Making a prediction on next value from a previous set

2.4k Views Asked by At

I'm looking for some guidance in how to approach this problem mathematically. I'm not even sure what to Google to find the answer.

I have a set of values from the past 30 days - [2,5,8,5,9,15,20,12,etc]. I would like to extrapolate the next several values that might occur in the sequence. At its simplest, taking an average of the 30 entries and having that as the prediction could work, but I'd like to notice growth/change and extend accordingly, to get a prediction of value in 2 days or 10 days. I'm not really looking for pattern matching, just a trend line extrapolation.
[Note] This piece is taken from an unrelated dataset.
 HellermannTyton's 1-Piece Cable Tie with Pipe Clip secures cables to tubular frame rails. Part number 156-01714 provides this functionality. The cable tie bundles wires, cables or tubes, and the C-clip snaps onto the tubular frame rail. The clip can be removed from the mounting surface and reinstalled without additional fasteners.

I thought I could graph the data, put a line of best fit, and simply extend it. The issue is that I can't find much reference to the math one would use for calculating such information. Does one have to create a graph and read the figures off the line of best fit, or could one create a function in say PHP to calculate the next few predicted values from the trend line? I'm looking for an extended trend line basically, like Excel can do.

Many many thanks

Sam

3

There are 3 best solutions below

0
On

I guess you are looking for regression. With regression, you fit a line through your data, which you can use to predict future values of your series. The simplest form of regression is linear regression, which tries to fit a straight line through your data points, to represent a trend.

More literature can be found as well when you look for time series analysis.

0
On

Lets say that for some reason you decided to fit $x_t = \beta + \beta_1 x_{t-1}+\epsilon_t$. So, to perform manually "LS optimization" you have to construct the following matrices: $$ y=(x_t, x_{t-1},...,x_{t-29})' $$
and $X$ matrix \begin{pmatrix} 1 & x_{t-1}\\ 1 & x_{t-2}\\ : & : \\ 1 & x_{t-30} \end{pmatrix} Hence your model can be written as $y=X\beta+\epsilon.$ As such, the OLS estimators for the coefficients are given by $$ \hat{\beta} = (X'X)^{-1}X'y. $$

0
On

I believe what are trying to do, in general is to come up with a 'best fit' model for your data to try and make predictions. Speaking generally about this question, it is far from easy. Without any additional knowledge about the process responsible for generating that data, you have no real ability to predict what it will do in the future. You have to make some assumptions, the question is: which assumptions make sense in the case you are interested in? This comes down to using what you know (or suspect if knowledge is scant) about the process that is generating the data of interest. Maybe it makes sense that the data would roughly follow a linear trend (in which case linear regression would make sense), but maybe not. It is often very helpful to plot the data you have to help you see any patterns of interest in it (which in turn may enlighten your choice of model to fit the data too).

For the present case, without us being able to either see your data (a plot would probably suffice) and/or you sharing with us what you know about the process responsible for that data. We cannot really offer any specific guidance beyond the above.